Hacker News new | ask | show | jobs
by algo_trader 999 days ago
I havent yet fully grokked RWKV..

Just how much compute/memory are we saving here?

My understanding is that a 1BN transformer is about 2BN flops/inference, so about 1TFLOP for a 500 sequence of inferences (and also about several GB of memory)

What would be the equivalent RWKV (let ignore the inevitable loss penalty which could be significant..)

1 comments

It's an RNN, there is no N^2 component over time.

It only requires the previous state.

(there's a discord, you should join it with further questions! I unfortunately am not as informed as I should be on this one, other than the fact that it is _very_ mobile friendly).

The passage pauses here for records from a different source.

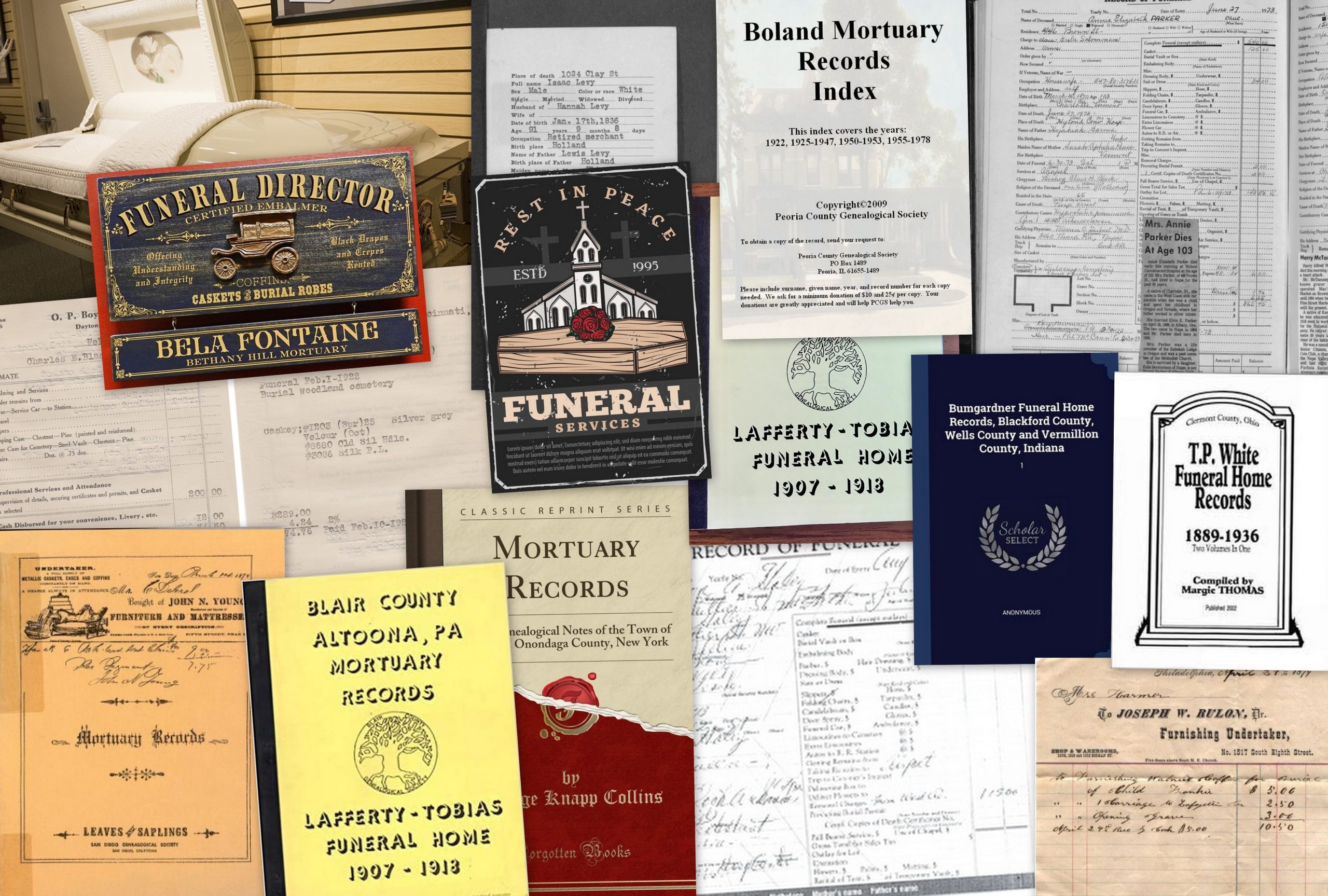 Mortuary and funeral records document the handling, preparation, and burial of the deceased. These records can provide details about death, family members, residence, and community connections.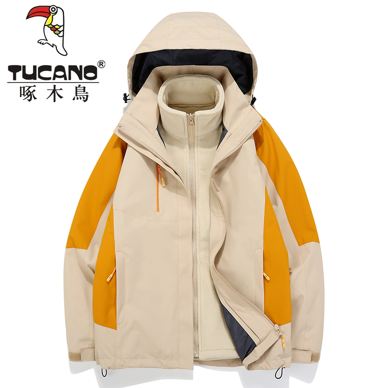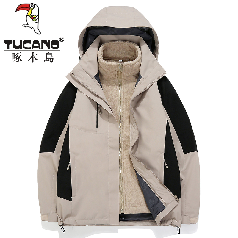 Woodpecker with three-in-one detachable jacket autumn and winter outdoor windproof and waterproof plus suede mountaineering suit-Taobao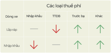 Tác động tổng hợp của các loại thuế, phí vào đầu 2018 lên ôtô lắp ráp và nhập khẩu dự kiến theo chiều hướng dưới đây. Trong đó mũi tên đi xuống tức giảm, mũi tên đi lên là tăng và gạch ngang là không bị tác động. Loại trừ yếu tố ý chí của nhà sản xuất ở từng thời điểm.

The performance diff is slight but not too bad really, all things considered. And I think it comes out on top for raw efficiency per parameter/flop, IIRC.

An interesting concept, for sure! :'DDDD :'))))

Sigh. Do discussions about RWKV always end with suggestions that I join the Discord? If I do join the Discord, will I soon begin suggesting that others join the Discord as well? What I mean is, I've seen this come up a few times on HN and discussions usually end prematurely with suggestions to join the Discord. [0]

If this technique is good, I'll wait until I can learn about it without joining the Discord.

[0]: https://news.ycombinator.com/item?id=35508692